Member of the Kansas Senate from the 38th district
- In office 1989–1992
- Preceded by: Robert G. Frey
- Succeeded by: Marian Reynolds

Personal details
- Born: January 1, 1941 (age 85) Northern California
- Party: Democratic
- Children: 1 son
- Alma mater: University of New Mexico (B.A.); University of Kansas (M.A.)

= Janice McClure =

American politician

Janice Lee McClure (born January 1, 1941) is an American former politician who served one term in the Kansas State Senate from 1989 to 1992.

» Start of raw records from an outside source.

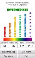 มันจะกำหนดระดับภาษาอังกฤษของคุณในฐานะผู้เริ่มต้น, ประถมศึกษา, ก่อนวัยรุ่น, กลาง, ระดับกลาง, ระดับบนหรือขั้นสูง ผลลัพธ์อีกวิธีหนึ่งจะแสดงในรูปแบบต่าง ๆ ที่ใช้โดยผู้ให้บริการสอบภาษาอังกฤษที่ได้รับความนิยมมากที่สุด: CEF, IELTS, TOEFL IBT และการสอบ Cambridge
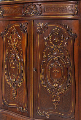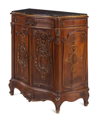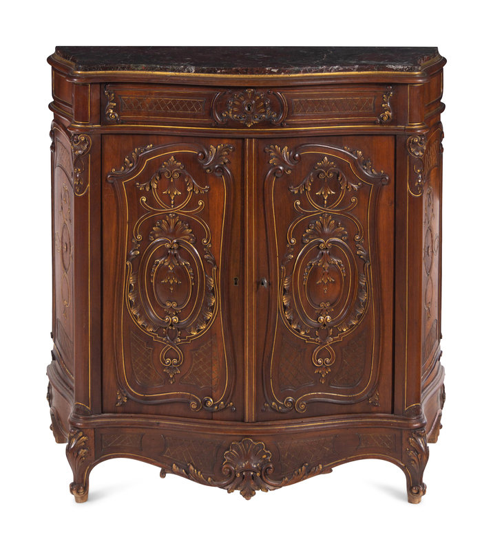 An Italian Carved Walnut Marble-Top Cabinet in the Louis XV Taste
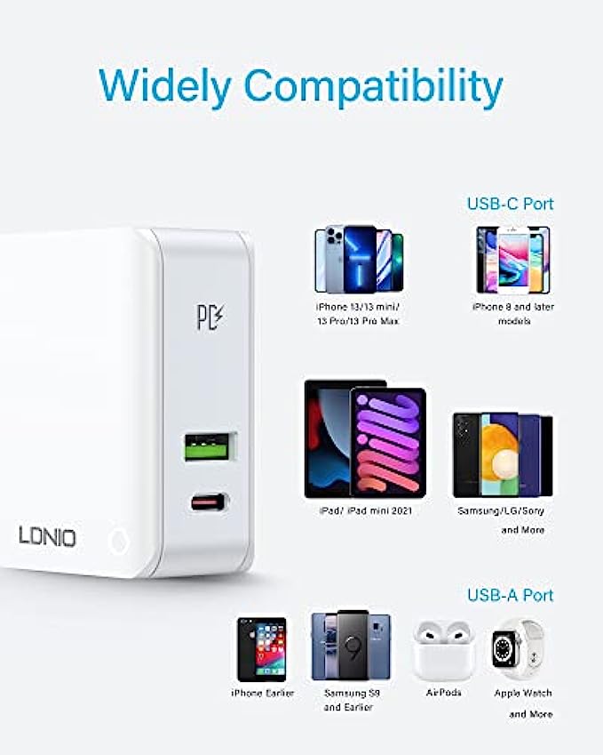 【Widely Comparability】This fast charging block is compatible with iPhone 13 Pro Max/13 Pro/12 Pro Max/12 Pro, iPad Air/iPad Pro, Macbook, AirPods and other smartphones, tablets, accessories. (Please Notice the USB-A Port is not a Fast Charging Port(12W Max), you can use this port charging for your old model phone and other accessories like Apple Watch or AirPods).
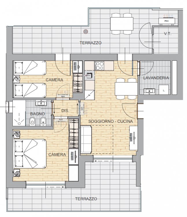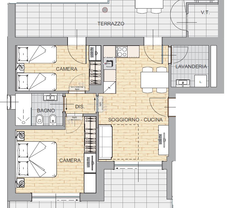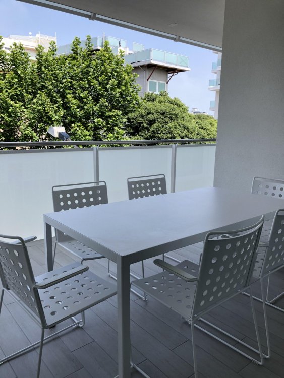 New three-room apartment with modern furnishings on the 4th floor with lift, consisting of 1 double bedroom, 1 bedroom with 2 beds, living room with sofa bed for 2 people, kitchen with dishwasher, microwave, fridge with freezer, induction hob, bathroom with shower / WC / bidet, 2 large and habitable balconies, washing machine, TV, safe, air conditioning, WiFi, numbered parking space.
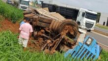Carreta carregada de soja tomba no perímetro urbano da BR-153 em Araguaína
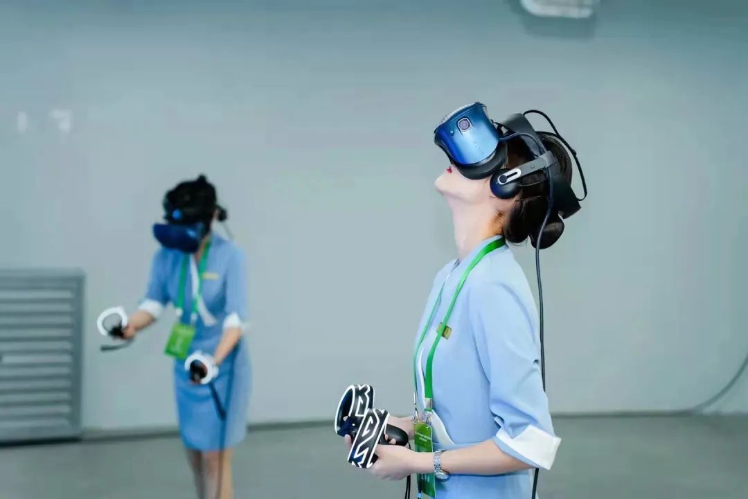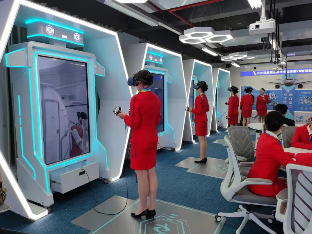 ▲我校空中乘务专业学生进行客舱特情VR处置实训
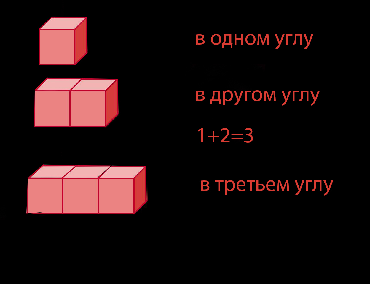 Сколько кубиков должно лежать в каждом из 2 углов, если известно, что если их собрать вместе , то можно из их суммы выложить такую же конструкцию в третьем угле?
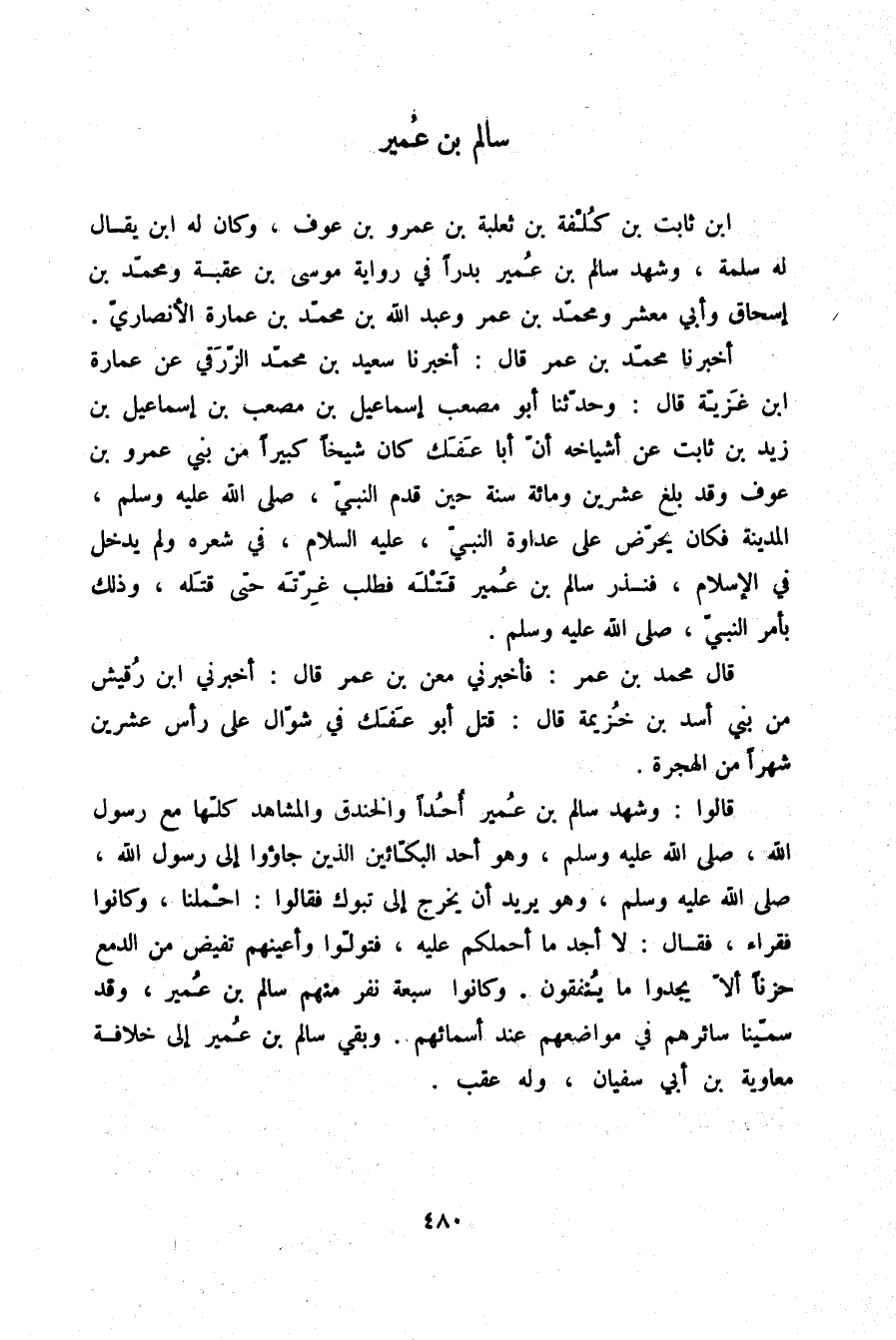 §سَالِمُ بْنُ عُمَيْرِ بْنِ ثَابِتِ بْنِ كُلْفَةَ بْنِ ثَعْلَبَةَ بْنِ عَمْرِو بْنِ عَوْفٍ وَكَانَ لَهُ ابْنٌ يُقَالُ لَهُ: سَلَمَةُ، وَشَهِدَ سَالِمُ بْنُ عُمَيْرٍ بَدْرًا فِي رِوَايَةِ مُوسَى بْنِ عُقْبَةَ وَمُحَمَّدِ بْنِ إِسْحَاقَ وَأَبِي مَعْشَرٍ وَمُحَمَّدِ بْنِ عُمَرَ وَعَبْدِ اللَّهِ بْنِ مُحَمَّدِ بْنِ عُمَارَةَ الْأَنْصَارِيِّ.

McClure was born in Northern California, after her parents left Kansas to escape the Dust Bowl. The family returned to Kansas during her early childhood, and she grew up on her family farm. She attended college at the University of New Mexico and worked as a graphic designer, including on equipment manuals that were used as part of the Apollo Program. She married during her 20s, but divorced after the relationship was abusive during her pregnancy, and returned to Kansas to work on the farm.

In 1988, she was recruited to run for the Kansas Senate from the 38th district in Western Kansas. She faced no opposition in the primary, and in the general defeated incumbent Republican Robert Frey. She served for one term in the Senate before being succeeded by Marian Reynolds in the 1992 election.